* _Instructions to follow_
The copy you print must match the listing exactly, with its pictures removed.

[Start of section]

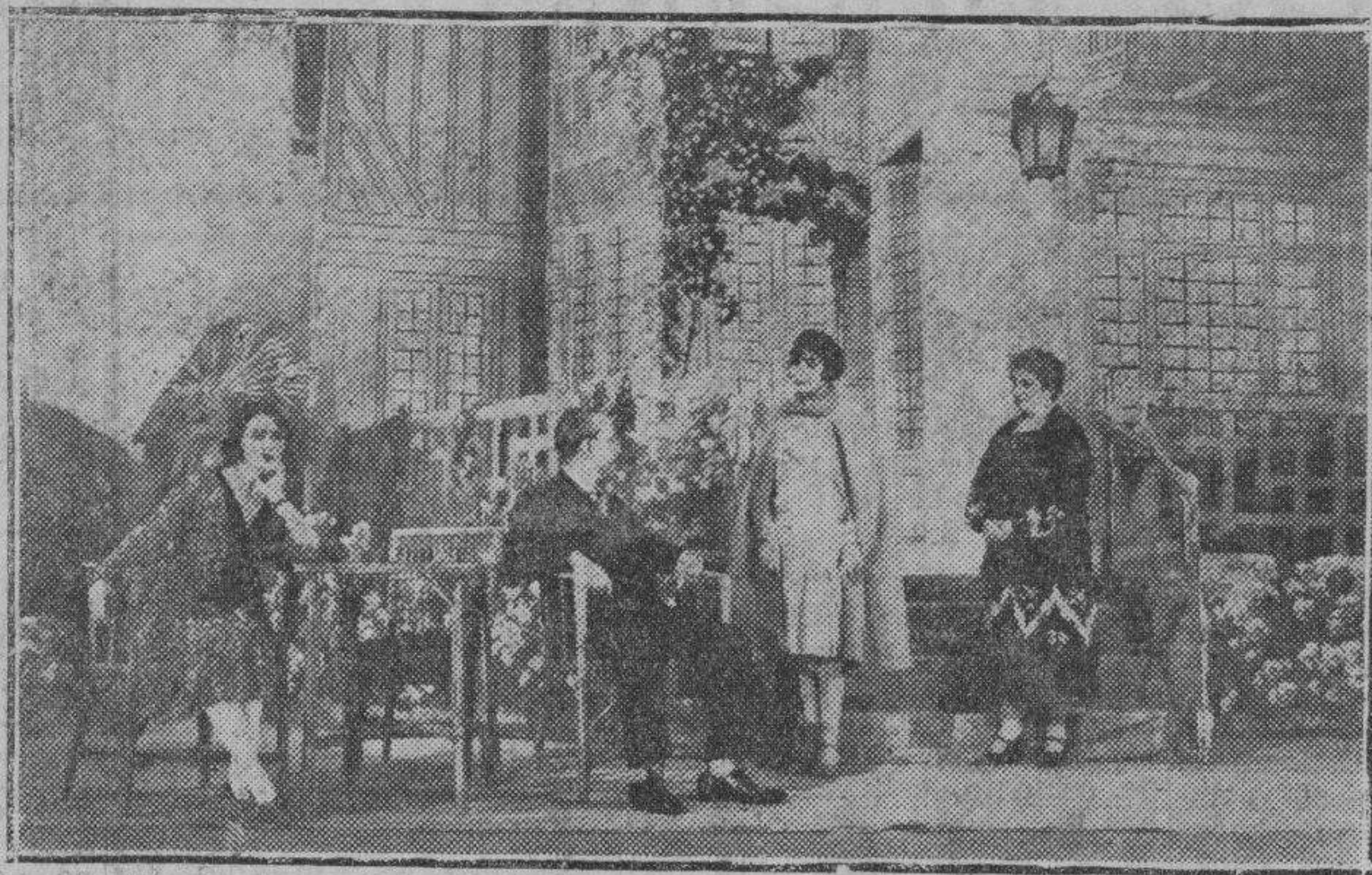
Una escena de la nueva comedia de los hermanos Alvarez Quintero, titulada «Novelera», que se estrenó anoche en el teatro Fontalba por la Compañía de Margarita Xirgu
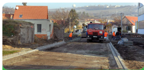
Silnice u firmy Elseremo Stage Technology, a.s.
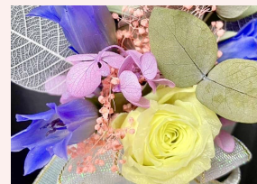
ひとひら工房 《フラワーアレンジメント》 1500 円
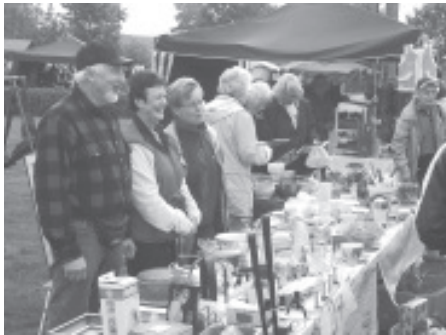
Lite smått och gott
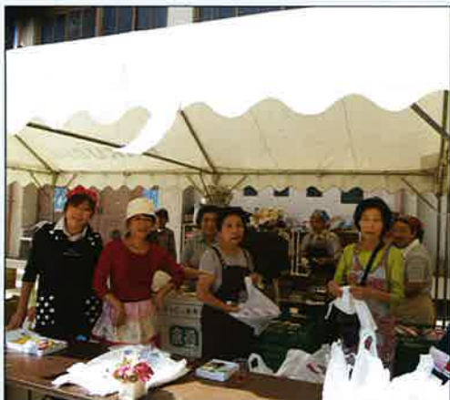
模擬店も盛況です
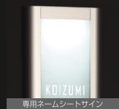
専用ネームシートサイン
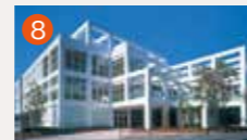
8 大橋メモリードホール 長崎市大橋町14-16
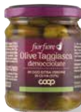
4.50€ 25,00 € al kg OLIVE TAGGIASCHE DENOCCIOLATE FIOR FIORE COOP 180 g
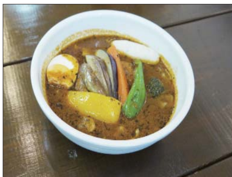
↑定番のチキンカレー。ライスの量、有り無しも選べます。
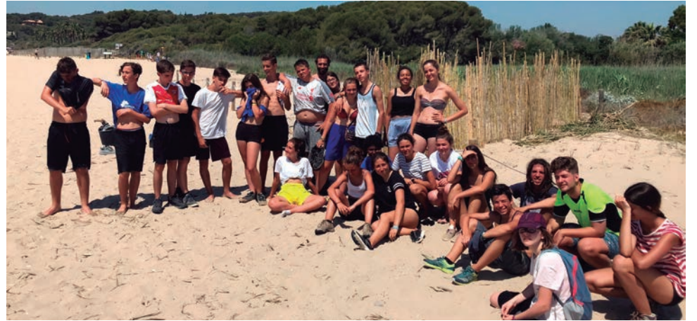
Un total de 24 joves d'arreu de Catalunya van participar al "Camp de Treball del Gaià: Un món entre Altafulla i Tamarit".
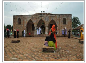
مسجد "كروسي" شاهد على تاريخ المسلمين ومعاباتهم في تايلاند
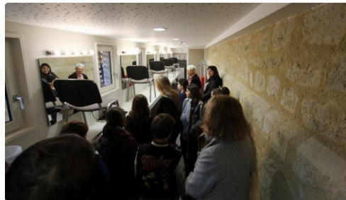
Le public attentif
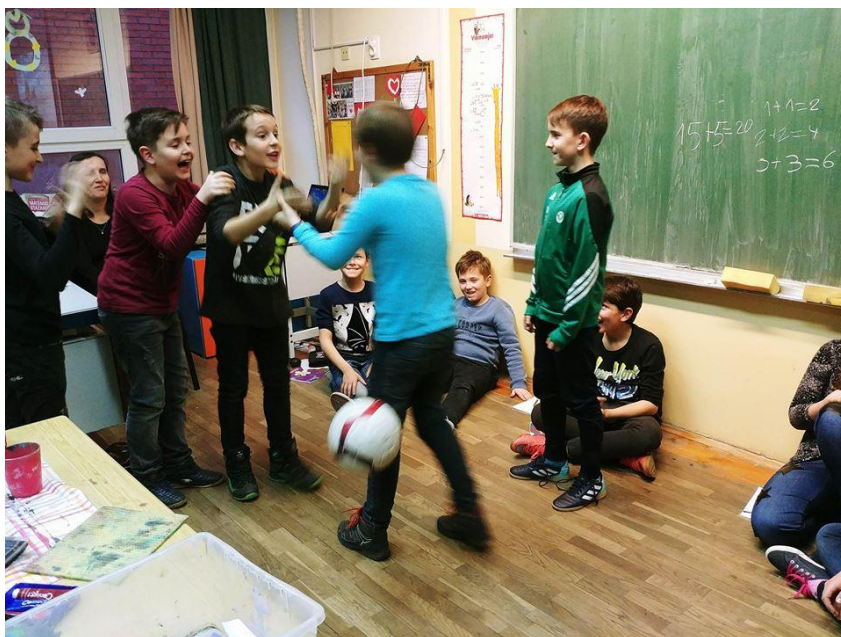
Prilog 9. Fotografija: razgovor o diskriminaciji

[End of section]

* _Solution for this problem_
Una escena de la nueva comedia de los hermanos Alvarez Quintero, titulada «Novelera», que se estrenó anoche en el teatro Fontalba por la Compañía de Margarita Xirgu
Silnice u firmy Elseremo Stage Technology, a.s.
ひとひら工房 《フラワーアレンジメント》 1500 円
Lite smått och gott
模擬店も盛況です
専用ネームシートサイン
8 大橋メモリードホール 長崎市大橋町14-16
4.50€ 25,00 € al kg OLIVE TAGGIASCHE DENOCCIOLATE FIOR FIORE COOP 180 g
↑定番のチキンカレー。ライスの量、有り無しも選べます。
Un total de 24 joves d'arreu de Catalunya van participar al "Camp de Treball del Gaià: Un món entre Altafulla i Tamarit".
مسجد "كروسي" شاهد على تاريخ المسلمين ومعاباتهم في تايلاند
Le public attentif
Prilog 9. Fotografija: razgovor o diskriminaciji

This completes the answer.